Firstly, we need good information about what's really
happening in the Wairarapa in terms of health. When the DHB
came into existence, we did the first ever health needs
analysis for the region, and from that we identified the
areas needing the most attention. We do a similar exercise
every 2-3 years, to refine the
current health priorities
for the Wairarapa.
Once the DHB identifies the health priorities for the region, the P&F team gets on
with prioritizing and allocating funds accordingly. They are also responsible
for selecting the providers of the services needed, setting up service
agreements to make sure they deliver what is required, and monitoring the
contracts to check on this. This includes the service level agreements within
'the provider arm' of the DHB—otherwise known as
Wairarapa Hospital and community servces. Remember, though, the hospital is only one of the many
contracts managed by Planning
and Funding.
Many decisions are made within the guidelines set by the Ministry, through their
national strategies and priorities. P&F must also make sure we have good
service coverage, that quality and safety requirements are met, that the
contracts include any national service specifications, and possibly also
national prices.
So what do we decide locally?
We can decide the service mix and volumes—how much, where, and for whom. We are
also able to work out strategies that include all our local links, so we get
better integration that better fits our local needs, and gives the best value
for money on the local scene.
So how do P&F actually decide how to cut the pie?
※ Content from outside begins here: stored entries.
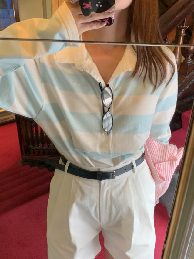 300장판매돌파! 💕URBANE MADE💕 오브 루즈핏 스트라이프 단가라 긴팔 카라 럭비 티셔츠 ✨ /여행룩/데일리룩(당일)
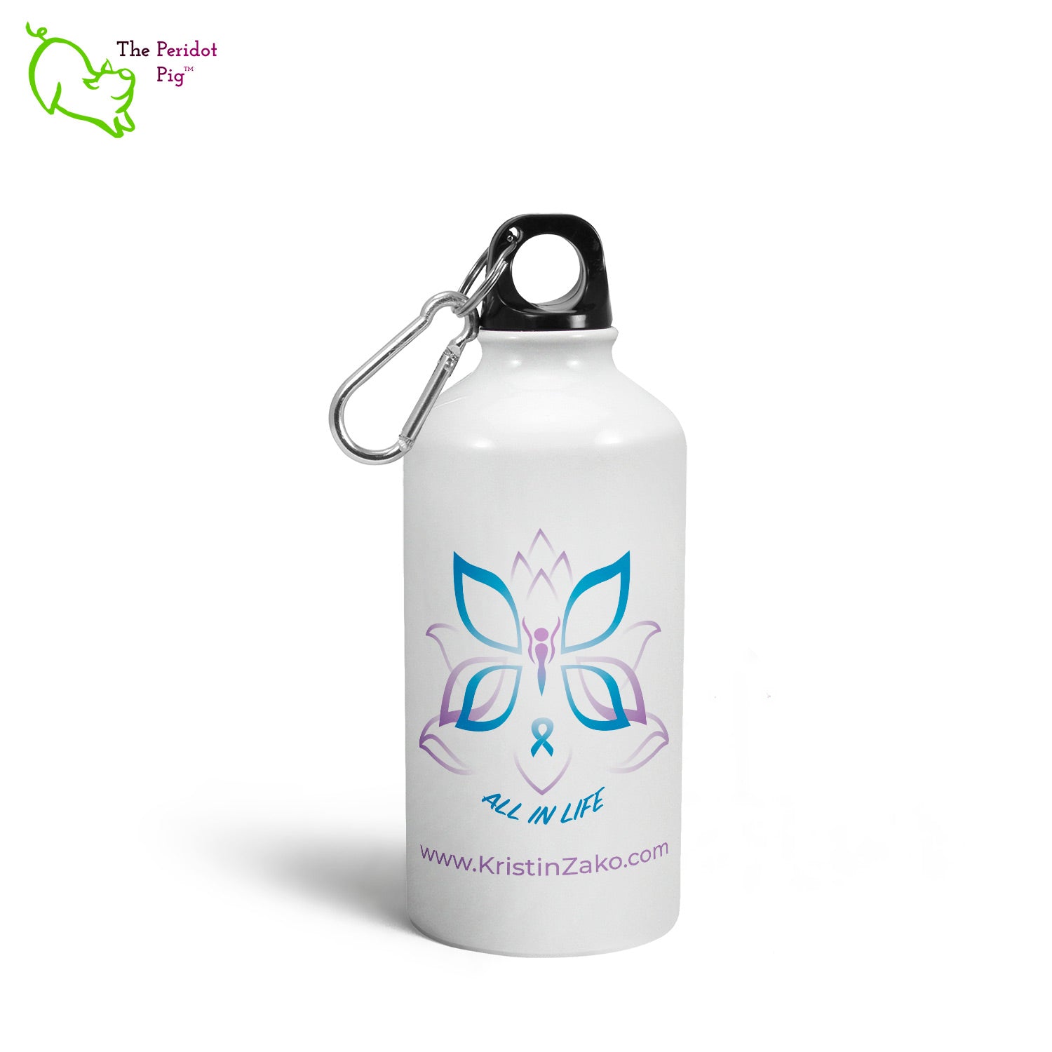 A perfect reminder to focus on the four pillars throughout the day while staying hydrated. This glossy white water canteen features Kristin Zako's logo on both sides. It has a screw top with a replaceable gasket and a carabiner to attach to your backpack.
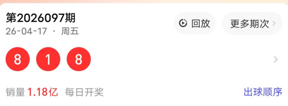 2026097期开奖号码为818,奇偶值为2偶1奇;大小值为2大1小;012路走势为122路;跨度为7跨;和值17点;组三形态。
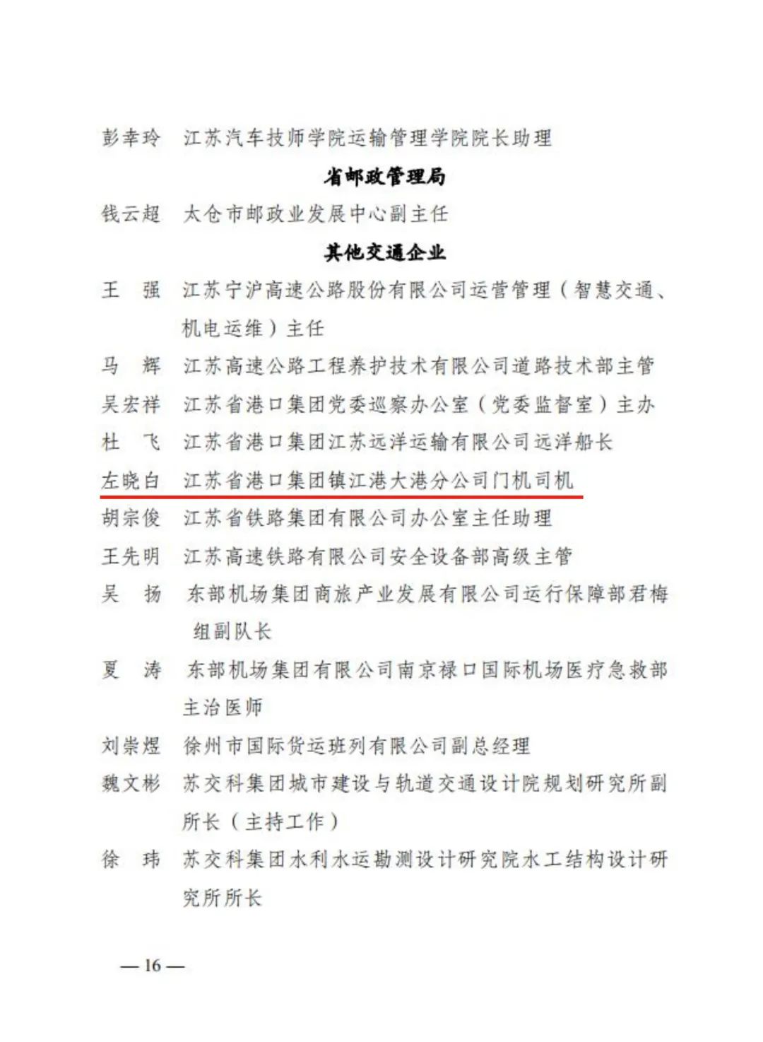 近日,省交通运输行业党委发布《关于表扬全省交通运输行业青年建功标兵团队和青年建功标兵个人的通报》,我港职工左晓白荣获“全省交通运输行业青年建功标兵个人”称号。

Decisions are based on what the local population actually needs, the capacity to
provide the services needed, whether a proposal fits with the District Health
Board's priorities and guidelines, what the flow-on effects and linkages might
be, and the service cost/price.
How can we tell if any difference is being made?
Each Health Needs Analysis shows if there are any changes in the
population health statistics. On top of that, we look at
many measurement indicators, like intervention rates
(eg: how many people had flu vaccinations, how many caesareans we do),
avoidable admissions, waiting times, consumer satisfaction and complaints,
inequalities and outcomes achieved.
The nitty gritty
P&F uses Service Level Agreements to specify what is to be provided, how
much/many and for whom, performance standards and quality, price, performance
measures and targets, and provisions for adjustments for over or under
performance.
Why do we measure and report performance?
P&F has to check that the expected services are being delivered and find out
the reasons for any variances. Then they find out how actual service delivery in
the Wairarapa compares nationally and decide if the level of funding is
appropriate, or if any changes need to be made to a contract. There are lots of
reasons why a contract might be changed. There might be changes in demand,
changes in ability to deliver a service or changes in efficiency, inappropriate
targets set, or a change in behavior by another provider.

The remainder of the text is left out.